I just discovered this blog and so far have enjoyed reading lots of her posts. Join me at Scribbit, Motherhood in Alaska.
Friday, February 29, 2008
Referrals are coming soon and it is looking more and more like we will finally burst into 2006! Yes!!! And when that happens, DH and I will have to celebrate and that's where the picture above comes in.
Wednesday, February 27, 2008
Today we said our good-bye's to Joe Edmondson. Joe was a co-worker and friend. One evening having dinner with he and wife D, we found out that we had named our future daughter the same name as their daughter (we knew her, through Joe, as Liz).

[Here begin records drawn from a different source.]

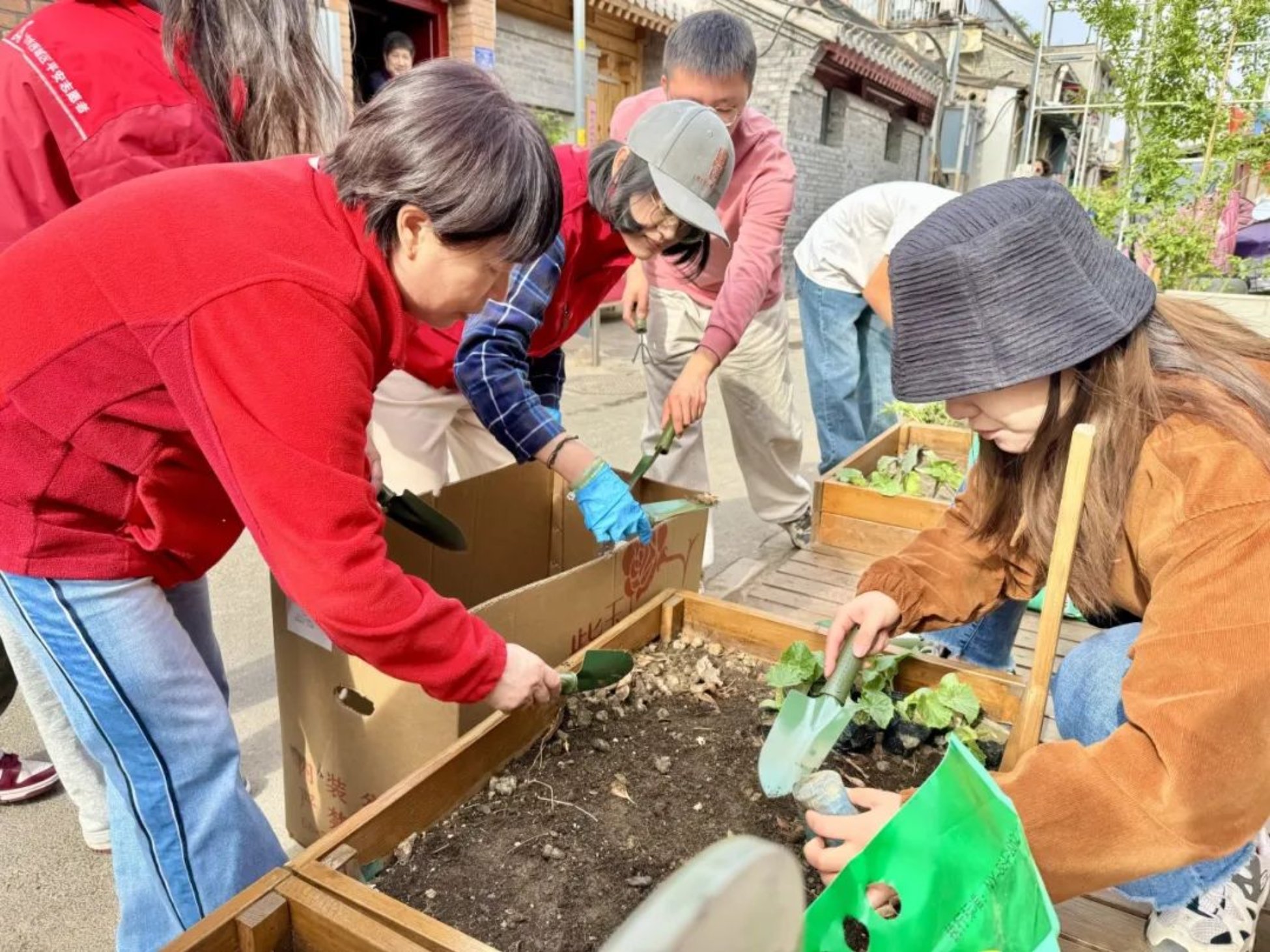 “去年参与农园建设后,我每周都会来看看自己认领的菜苗。”一位社区居民边浇水边说,“这些年身边的环境真是变化巨大,居民们一起参加家门口菜园、花园的建设,特别有归属感。”参与共建的商户也表示:"胡同一天天变漂亮,我们的客人也越来越多,双赢才可持续。"社区书记王玉华表示:“高校团队的持续加入,让我们的共建活动更有延续性,居民们的参与热情也越来越高。”
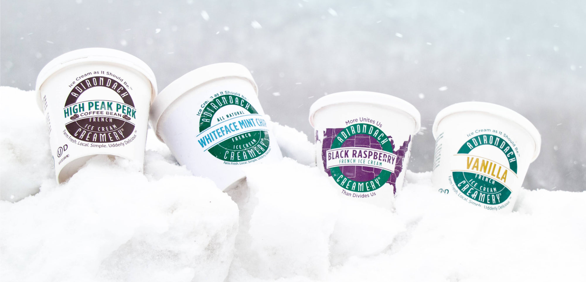 At Adirondack Creamery, we believe that local products are not only better for the environment and better for regional economies, but also when used without complex stabilizers, emulsifiers, artificial ingredients, or other additives/replacements are better for us and better for producing Udderly Delicious™ ice cream.
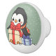 Cute penguin with Christmas gifts in the snowfall Ceramic Knob
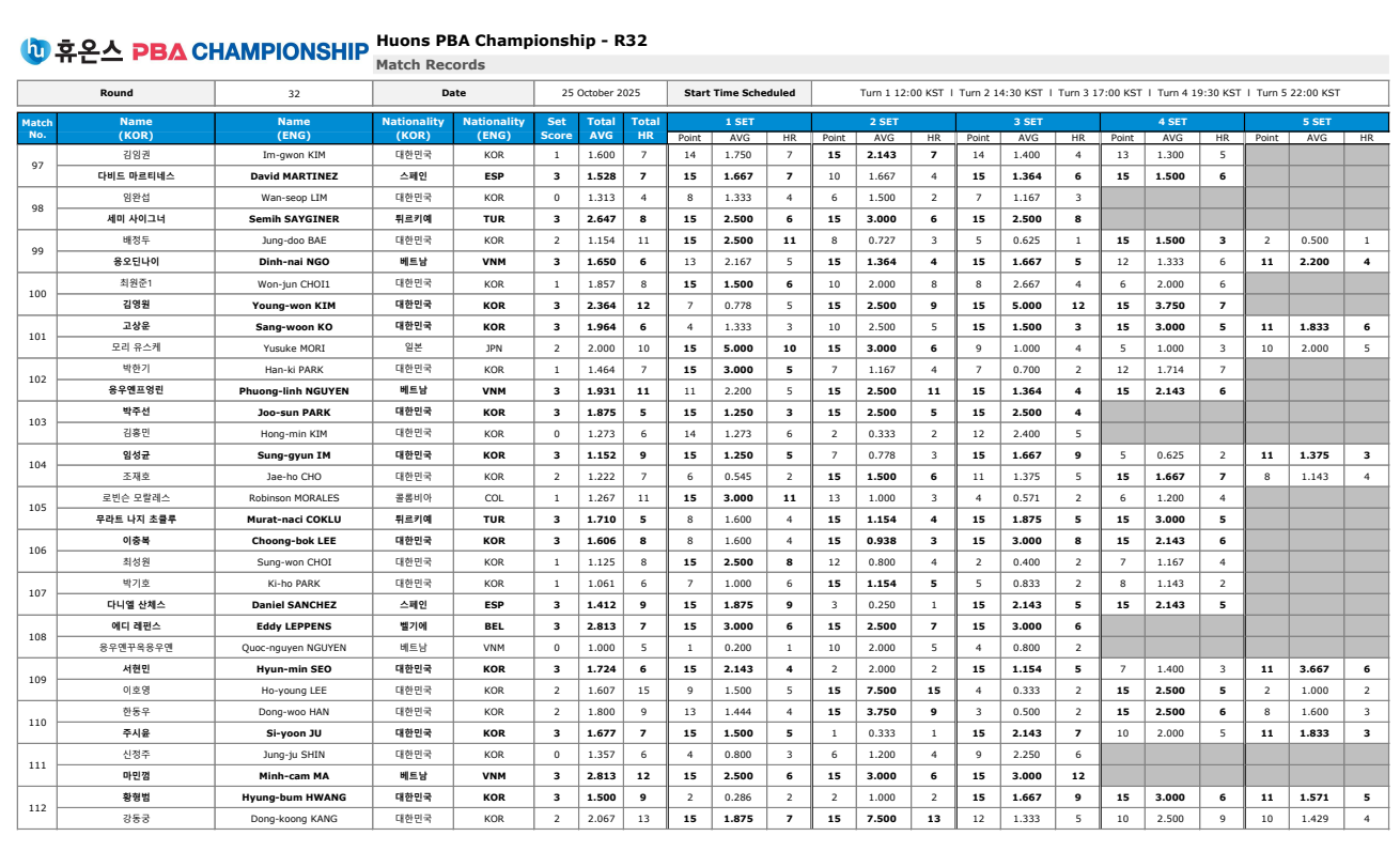 다비드 마르티네스는 강건하게 맨 위에 이름을 올리고 있습니다. 세미 사이그너, 응오딘나이, 김영원, 고상운, 응우옌 프엉린, 박주선, 임성균, 초클루, 이충복, 산체스, 서현민, 주시윤, 마민껌, 황형범이 16강에 진출하였습니다. 16강 진출자 가운데 pba 챔피언 출신은 6명입니다.

Joe died of a massive heart attack late Sunday night. JR was so kind to call us at midnight to share the news so we would not be shocked walking into work Monday morning. Thanks, JR.
LIFE IS BUT A STOPPING PLACE
Life is but a stopping place, a pause in what’s to be. A resting place along the road to sweet eternity.
We all have different journeys, different paths along the way. We all were meant to learn some things but never meant to stay…
Our destination is a place far greater than we know. For some, the journeys quicker, for some the journeys slow.And when the journey finally ends, we’ll claim a great reward. And find an everlasting peace, together with the Lord.
Later Joe. We shared good times, hard times and many crazy times. Peace friend. Peace...
Twenty Five months may seem like a long time. Considering the long ago projected time line from LID to Forever Day, I guess it is...
However, we are not going to complain because each month down really does bring us one month closer to Alyzabeth. And here's one main reason we're not going to complain. We know that for many of you, the time line is longer. We're not going to whine knowing that others wish they had our LID date.
So our prayers and good wishes go to all of you with LID's after us. You guys are made of steel with hearts molded from pure gold. Keep the faith. Keep believing. Imagine your dream because each of us will celebrate our Forever Day...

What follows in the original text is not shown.